RECORD EXTRACTS.
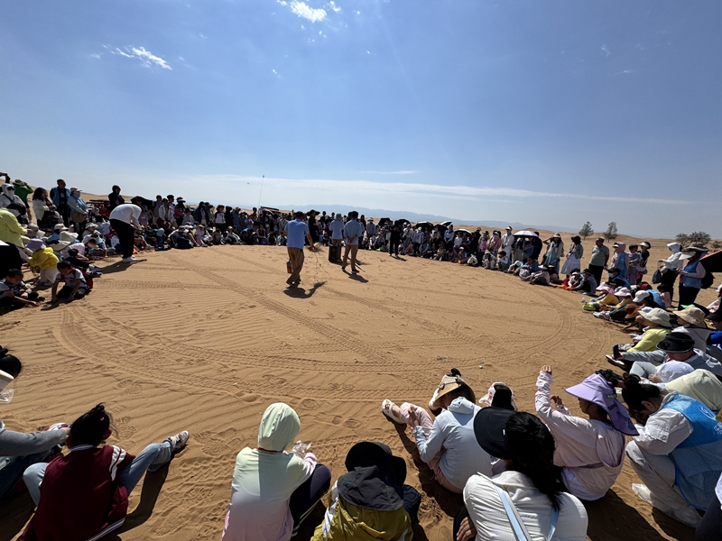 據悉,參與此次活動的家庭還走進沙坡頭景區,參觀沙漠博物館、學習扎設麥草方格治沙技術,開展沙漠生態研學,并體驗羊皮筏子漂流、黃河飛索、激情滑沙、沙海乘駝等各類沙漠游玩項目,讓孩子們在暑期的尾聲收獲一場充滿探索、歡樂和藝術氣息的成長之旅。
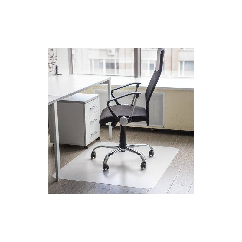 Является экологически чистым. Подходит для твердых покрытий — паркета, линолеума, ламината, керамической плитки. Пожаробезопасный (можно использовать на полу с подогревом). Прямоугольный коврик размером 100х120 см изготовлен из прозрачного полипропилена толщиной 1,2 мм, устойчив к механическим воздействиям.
* * *
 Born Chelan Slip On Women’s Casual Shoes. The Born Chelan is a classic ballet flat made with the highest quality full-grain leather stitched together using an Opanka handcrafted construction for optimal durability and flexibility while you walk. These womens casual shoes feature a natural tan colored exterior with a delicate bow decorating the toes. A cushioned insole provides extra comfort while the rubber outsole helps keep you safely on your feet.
--
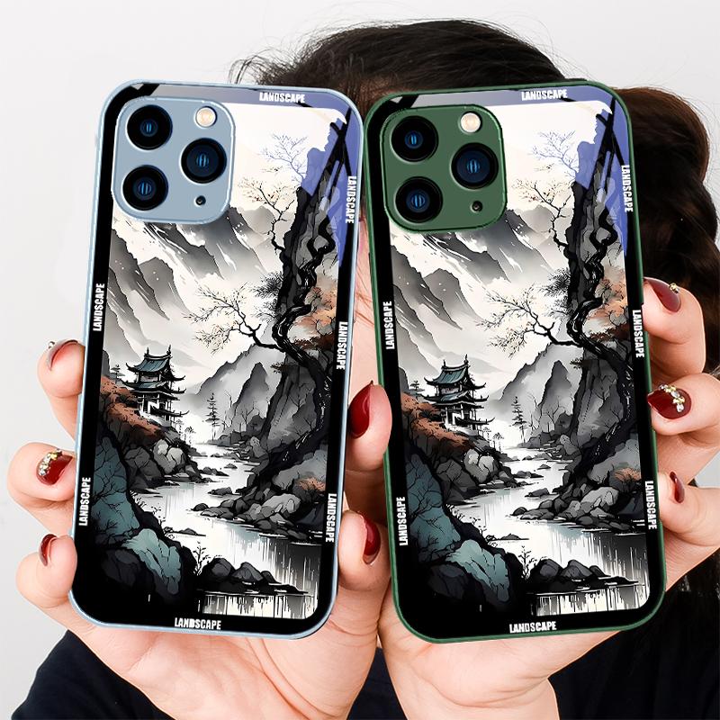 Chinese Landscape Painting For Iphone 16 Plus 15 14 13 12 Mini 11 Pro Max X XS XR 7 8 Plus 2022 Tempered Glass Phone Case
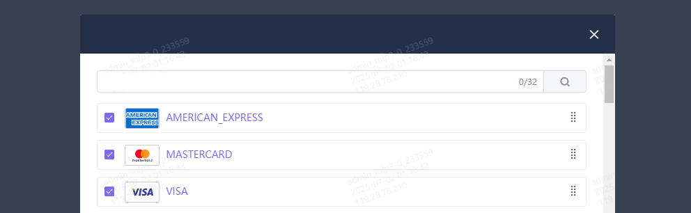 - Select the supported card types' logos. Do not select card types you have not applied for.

WHAT IS BEING ASKED. Give exactly the lines above that run from the line with "Chinese Landscape Painting" to the line with "- Select the", both included, leaving every picture out.

EXERCISE RESPONSE.
 Chinese Landscape Painting For Iphone 16 Plus 15 14 13 12 Mini 11 Pro Max X XS XR 7 8 Plus 2022 Tempered Glass Phone Case
 - Select the supported card types' logos. Do not select card types you have not applied for.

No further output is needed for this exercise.